Activity - In the records below, the line that contains "Umbau des vorhandenen" marks the start. Copy it and each line after it through the end, exactly, without pictures.

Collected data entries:

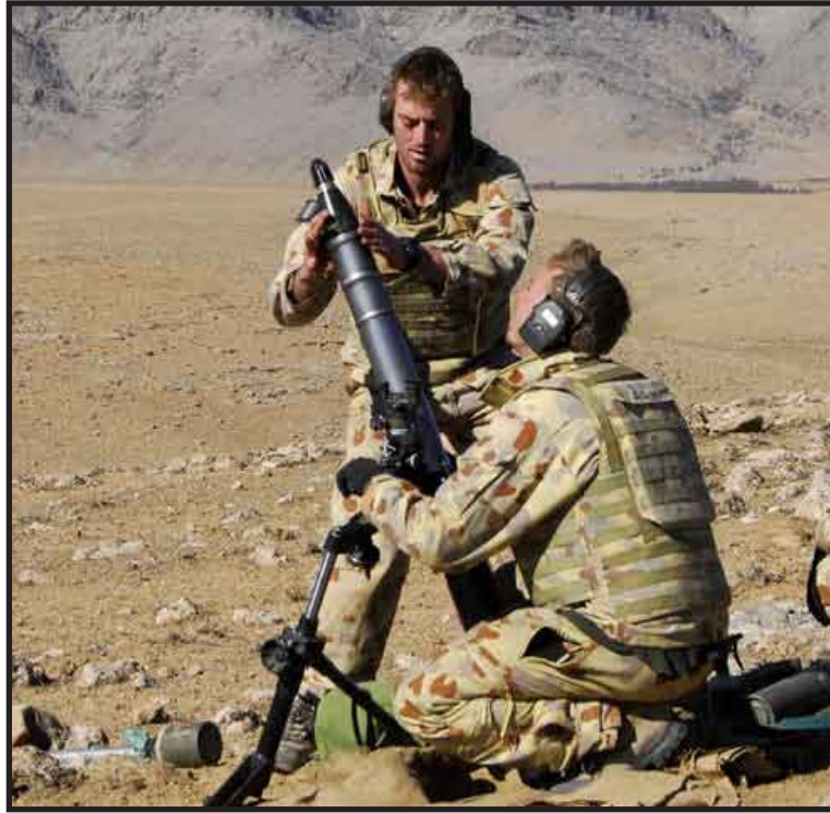
Barack Obama anunció el envío de otros 30 mil soldados al país asiático, aunque el despliegue será de duración limitada.

Obama planea dar una nueva imagen de esta guerra que ya dura ocho años y que, debido al creciente número de estadounidenses muertos en combate, tiene consternada a la opinión pública, afectada además por el desempleo y la caída del ingreso de los hogares. Obama deberá convencer a los escépticos, quienes temen un empantanamiento en Afganistán del tipo ocurrido en Vietnam, de que un plan para llevar a 100.000 el número de efectivos puede conducir a una estabilidad y al retorno pronto a casa de las tropas enviadas a aquel país tras los ataques del 11 de setiembre de 2001.
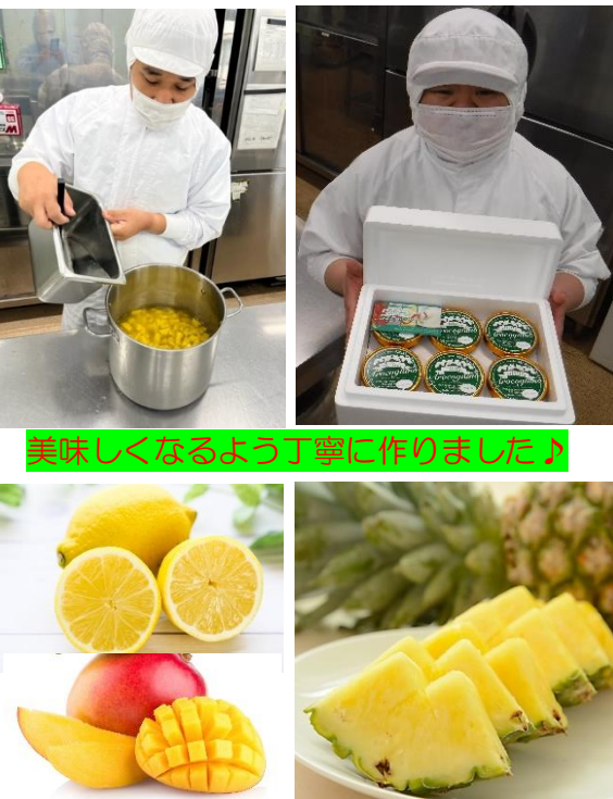
美味しくなるよう丁寧に作りました♪
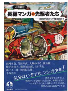
講師著作(岩波書店)
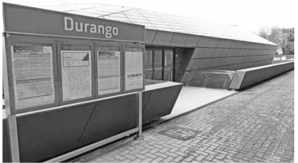
Geltoki zaharraren atzealdeko sarbidea (ezkerrean), eta igogailurako sarrera Askatasun etorbidean (eskuman).
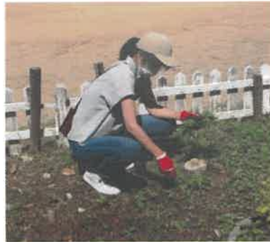
庭夢(園芸) 花壇の手入れ

学校・家庭・地域が連携、 協働して子どもの学びや育ち を支える活動をしています。
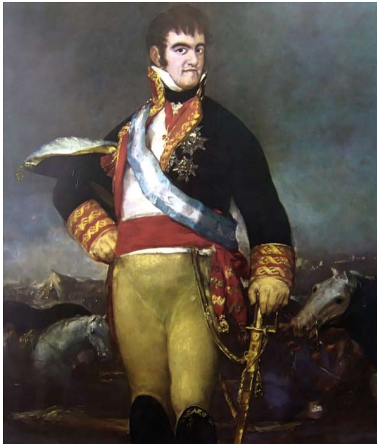
Retrato de Fernando VII por Goya, Museo del Prado, Madrid.
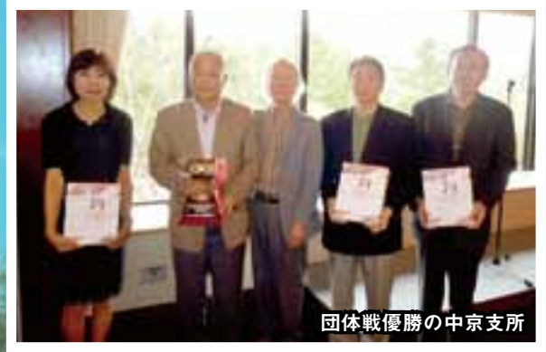
団体戦優勝の中京支所
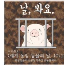
▲ 세계 농장 동물의 날 10/2
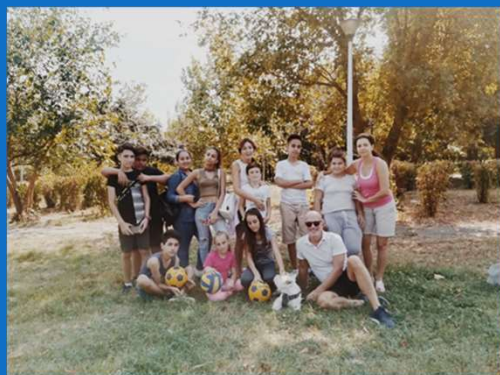
15/09 : Pique nique de rentrée dans le Parc Tineretului
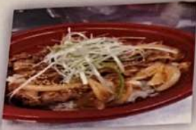
牛丼 680円 (税抜)
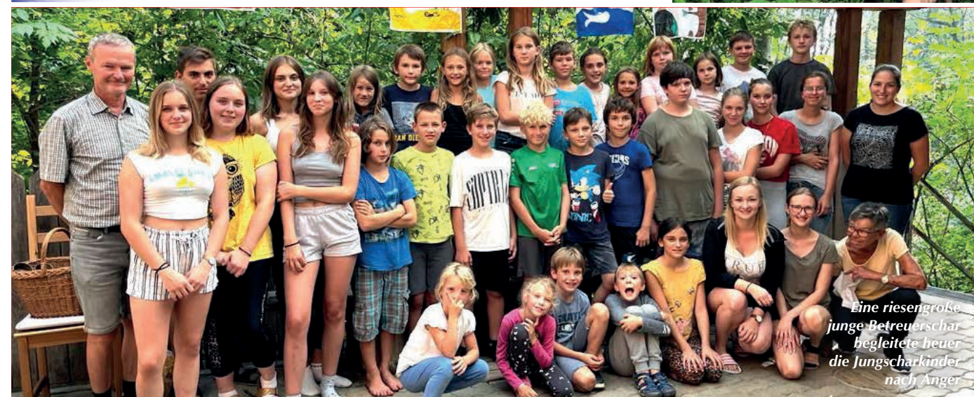
Eine riesengroße junge Betreuerschar begleitete heuer die Jungcharkinder nach Anger

JUNGSCHARTERMINE: 30. 9., 14.10., 25.11., 16.12., 13.01. & 10.02. jeweils von 10 - 11.30 Uhr | Jungcharlager 2024: 8. - 11. August 2024
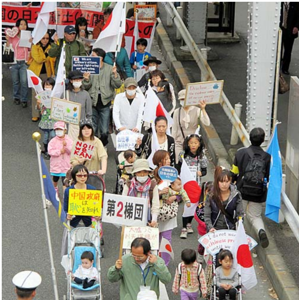
若いママさんや赤ちゃん、子どももデモに参加すると「懸念材料」ですって？ 11月13日、横浜で行われた頑張れ日本！全国行動委員会のデモ行進から

草の根の国民行動が空前の盛り上がりを見せる中、警察・公安当局がこれをどのようにみているのか、二つのニュースをご紹介します。一つは警察庁が発表した2010年版「治安の回顧と展望」の日経の記事、今ひとつは国家公安委員会の9月定例委員会の議事録です。
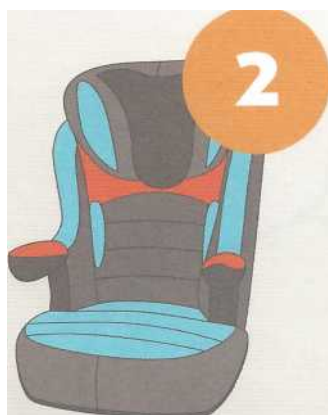
15-25 кг от 3 до 7 лет
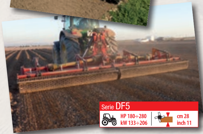
Serie DF5 HP 180÷280 kW 133÷206 | cm 28 inch 11
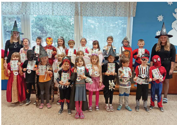
Vystoupení třetí třídy MŠ.
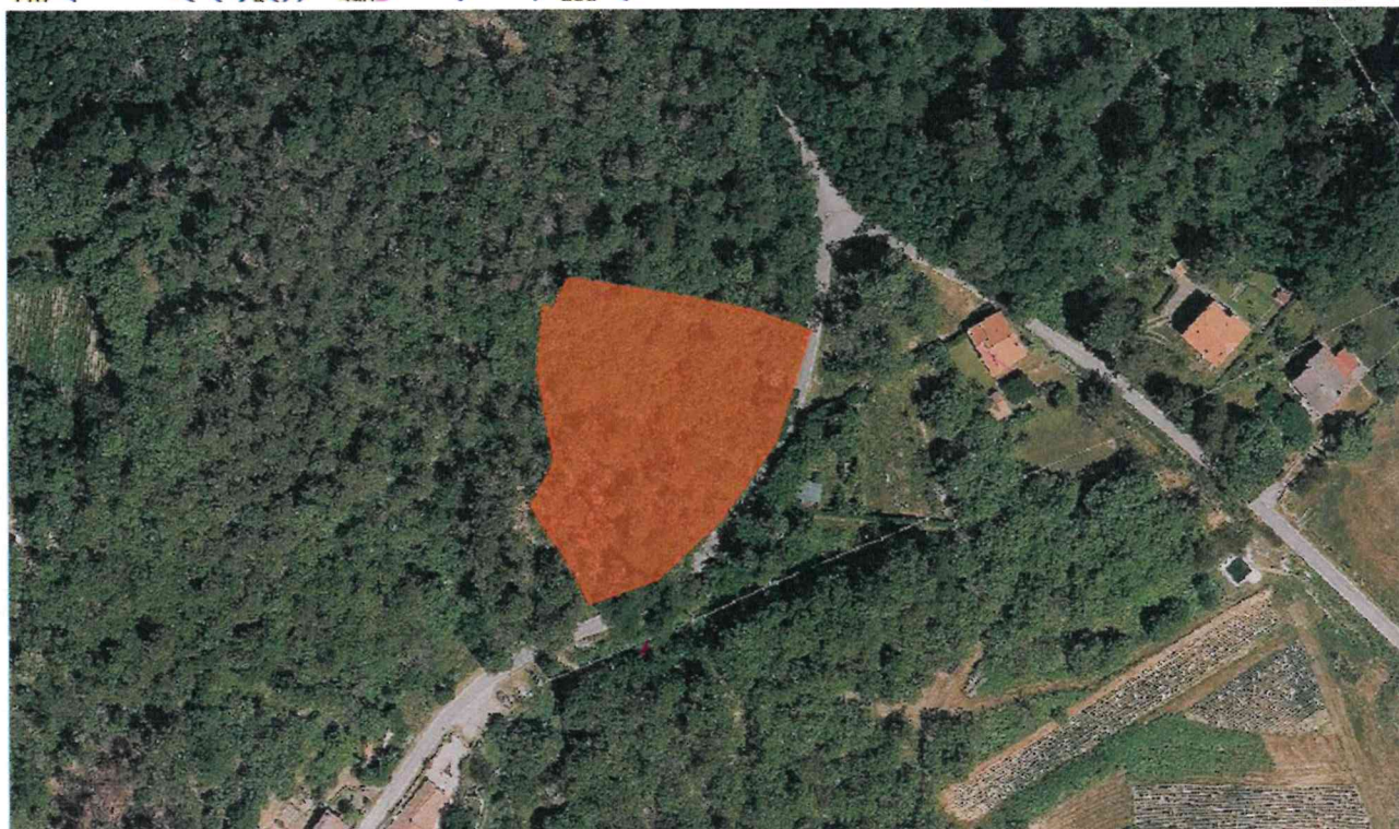
Individuazione delle Aree percorse da incendi su estratto catastale e su Ortofoto (Anno 2019) – Scala 1:2000
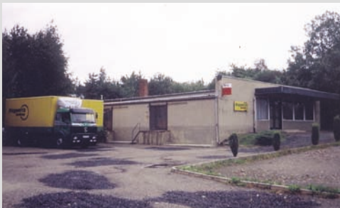
1992 - Eröffnung der Niederlassung Niederfrohna

Umbau des vorhandenen Holzlagerschuppen in Beelen in eine Distributionshalle (1.200 m 2 )
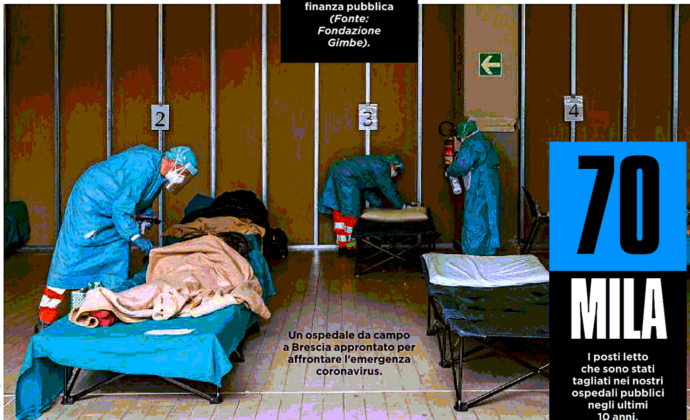
Un ospedale da campo a Brescia approntato per affrontare l'emergenza coronavirus.

Task result -
Umbau des vorhandenen Holzlagerschuppen in Beelen in eine Distributionshalle (1.200 m 2 )
Un ospedale da campo a Brescia approntato per affrontare l'emergenza coronavirus.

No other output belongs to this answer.